§ What to work on:
Nothing but an exact copy is wanted: the line with "23 January, 2020" and each line after it in the data below, last line included.

+ + + + + + +

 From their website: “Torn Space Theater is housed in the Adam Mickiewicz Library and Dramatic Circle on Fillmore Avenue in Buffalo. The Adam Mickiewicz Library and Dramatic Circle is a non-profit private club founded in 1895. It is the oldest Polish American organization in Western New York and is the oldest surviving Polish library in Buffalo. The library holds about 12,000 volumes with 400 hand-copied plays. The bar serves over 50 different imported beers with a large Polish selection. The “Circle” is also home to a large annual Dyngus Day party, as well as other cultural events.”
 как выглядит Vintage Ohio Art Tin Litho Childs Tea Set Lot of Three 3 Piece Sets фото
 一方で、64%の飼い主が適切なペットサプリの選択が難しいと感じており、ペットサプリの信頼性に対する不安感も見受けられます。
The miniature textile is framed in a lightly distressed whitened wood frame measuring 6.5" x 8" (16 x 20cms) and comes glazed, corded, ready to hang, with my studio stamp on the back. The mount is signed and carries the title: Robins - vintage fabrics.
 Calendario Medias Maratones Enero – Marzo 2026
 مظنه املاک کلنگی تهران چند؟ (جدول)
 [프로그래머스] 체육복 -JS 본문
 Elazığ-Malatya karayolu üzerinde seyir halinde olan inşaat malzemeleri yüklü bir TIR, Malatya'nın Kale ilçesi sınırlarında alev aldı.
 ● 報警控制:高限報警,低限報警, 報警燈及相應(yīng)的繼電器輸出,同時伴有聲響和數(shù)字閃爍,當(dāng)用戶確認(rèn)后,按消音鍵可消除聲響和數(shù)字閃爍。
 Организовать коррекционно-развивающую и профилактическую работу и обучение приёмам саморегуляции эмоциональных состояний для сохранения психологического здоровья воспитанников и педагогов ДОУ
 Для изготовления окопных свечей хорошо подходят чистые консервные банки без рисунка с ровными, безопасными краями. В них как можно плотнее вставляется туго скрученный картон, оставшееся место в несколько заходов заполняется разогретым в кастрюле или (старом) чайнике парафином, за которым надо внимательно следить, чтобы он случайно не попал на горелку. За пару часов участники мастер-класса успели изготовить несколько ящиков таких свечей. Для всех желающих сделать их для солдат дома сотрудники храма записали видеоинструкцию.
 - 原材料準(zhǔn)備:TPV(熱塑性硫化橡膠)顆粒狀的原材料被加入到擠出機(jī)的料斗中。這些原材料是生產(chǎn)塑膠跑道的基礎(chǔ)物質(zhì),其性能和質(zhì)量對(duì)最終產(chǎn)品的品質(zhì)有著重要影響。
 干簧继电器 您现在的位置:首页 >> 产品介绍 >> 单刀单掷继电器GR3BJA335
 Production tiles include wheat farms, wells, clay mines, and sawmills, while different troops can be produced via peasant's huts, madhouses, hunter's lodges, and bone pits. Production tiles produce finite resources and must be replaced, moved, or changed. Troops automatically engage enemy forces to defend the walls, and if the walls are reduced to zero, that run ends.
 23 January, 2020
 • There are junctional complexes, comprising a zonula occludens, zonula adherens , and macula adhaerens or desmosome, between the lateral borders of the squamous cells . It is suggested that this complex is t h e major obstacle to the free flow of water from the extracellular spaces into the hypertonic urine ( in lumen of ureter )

+ + + + + + +

§ Exercise output:
 23 January, 2020
 • There are junctional complexes, comprising a zonula occludens, zonula adherens , and macula adhaerens or desmosome, between the lateral borders of the squamous cells . It is suggested that this complex is t h e major obstacle to the free flow of water from the extracellular spaces into the hypertonic urine ( in lumen of ureter )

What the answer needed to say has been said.